• _The problem_: Where the data below begins, start retyping exactly, and end on the line with "NOUVEAU COMBINÉ AVEC", which is included; no picture goes in.
Data for this exercise START
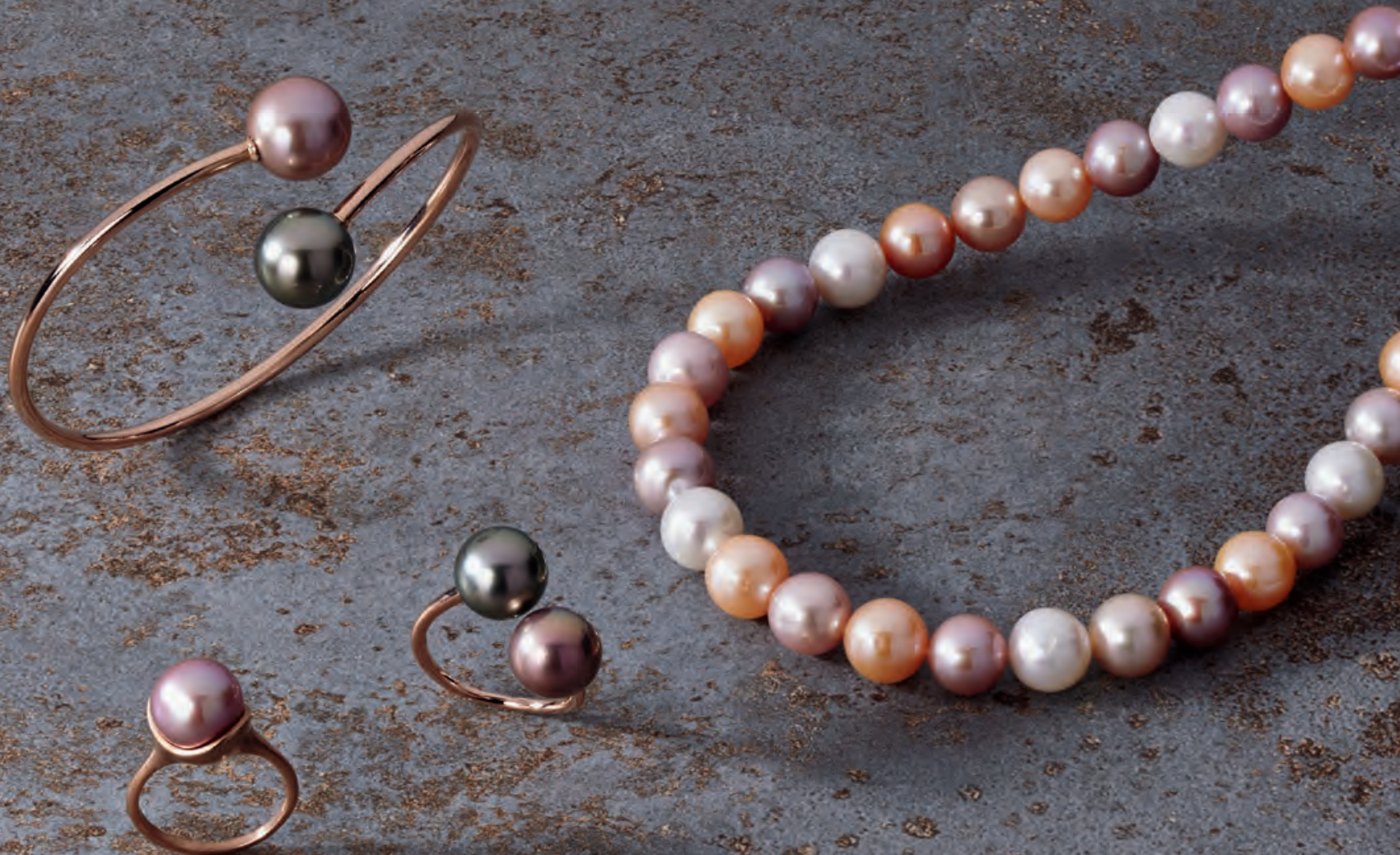
Armreif, 585er Roségold, Tahitiperle, Süßwasserperle „Ming“ 13–14 mm · 1.040,- € Ring, 585er Roségold, Süßwasserperle „Ming“ 10,5–11 mm · 1.030,- € Ring, 585er Roségold, Tahitiperle, Süßwasserperle „Ming“ 9–12 mm · 519,- € Collier, Süßwasserperlen „Ming“ 10–11,5 mm · 1.060,- €
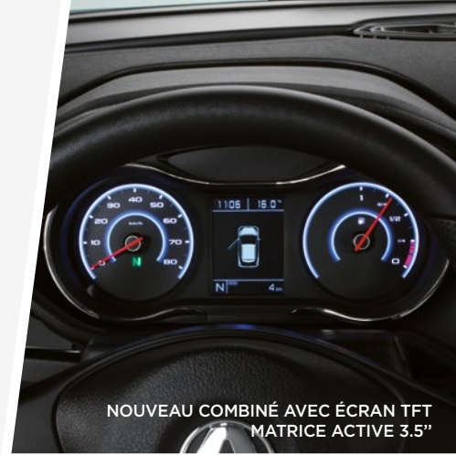
NOUVEAU COMBINÉ AVEC ÉCRAN TFT MATRICE ACTIVE 3.5"

01 - Bleu saphir / 02 - Blanc nacré / 03 - Rouge nacré / 04 - Bleu marine métallisé 05 - Gris argent métallisé / 06 - Gris titane métallisé / 07 - Noir métallisé 08 - Acier mat
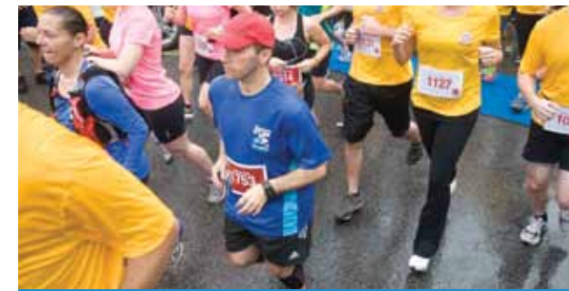
GRANDE FÊTE DES POMPIERS
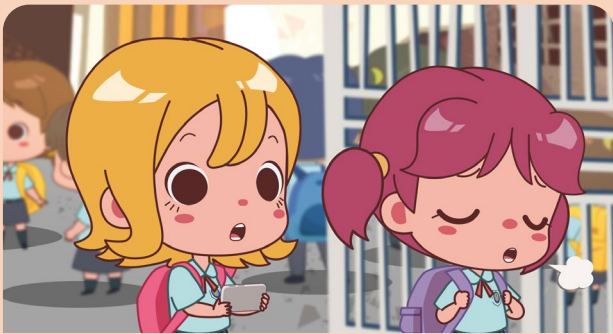
1 琪琪擔心自己的短片不受網民歡迎。

小啡豆和詩詩發現琪琪造假，你認為故事會如何發展？ 請進行小組討論，並將創作的結局畫在下方空格內，然後寫上創作對白。
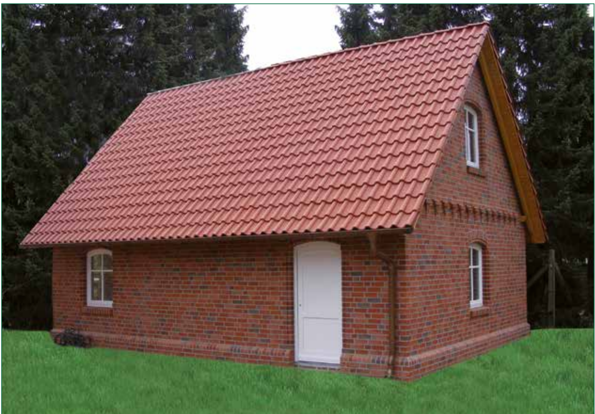
DER SPIEKER-Nebengebäude BS-G5
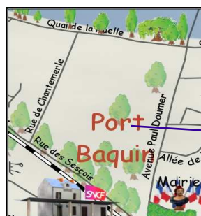
Situé face à la mairie
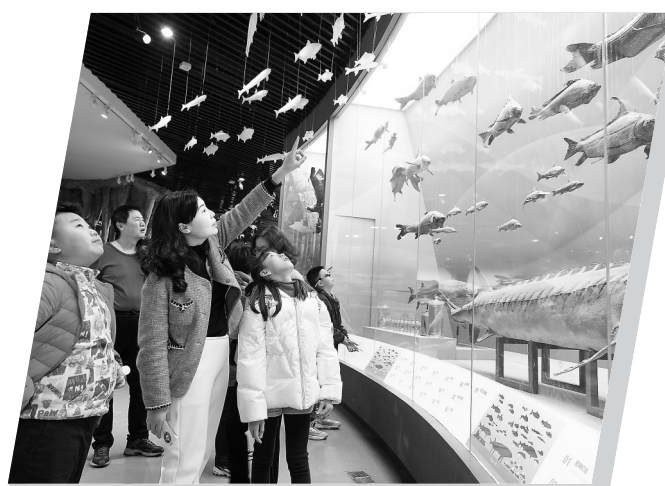
游人在重庆自然博物馆参观。
Data for this exercise END
• _Result of this exercise_:
Armreif, 585er Roségold, Tahitiperle, Süßwasserperle „Ming“ 13–14 mm · 1.040,- € Ring, 585er Roségold, Süßwasserperle „Ming“ 10,5–11 mm · 1.030,- € Ring, 585er Roségold, Tahitiperle, Süßwasserperle „Ming“ 9–12 mm · 519,- € Collier, Süßwasserperlen „Ming“ 10–11,5 mm · 1.060,- €
NOUVEAU COMBINÉ AVEC ÉCRAN TFT MATRICE ACTIVE 3.5"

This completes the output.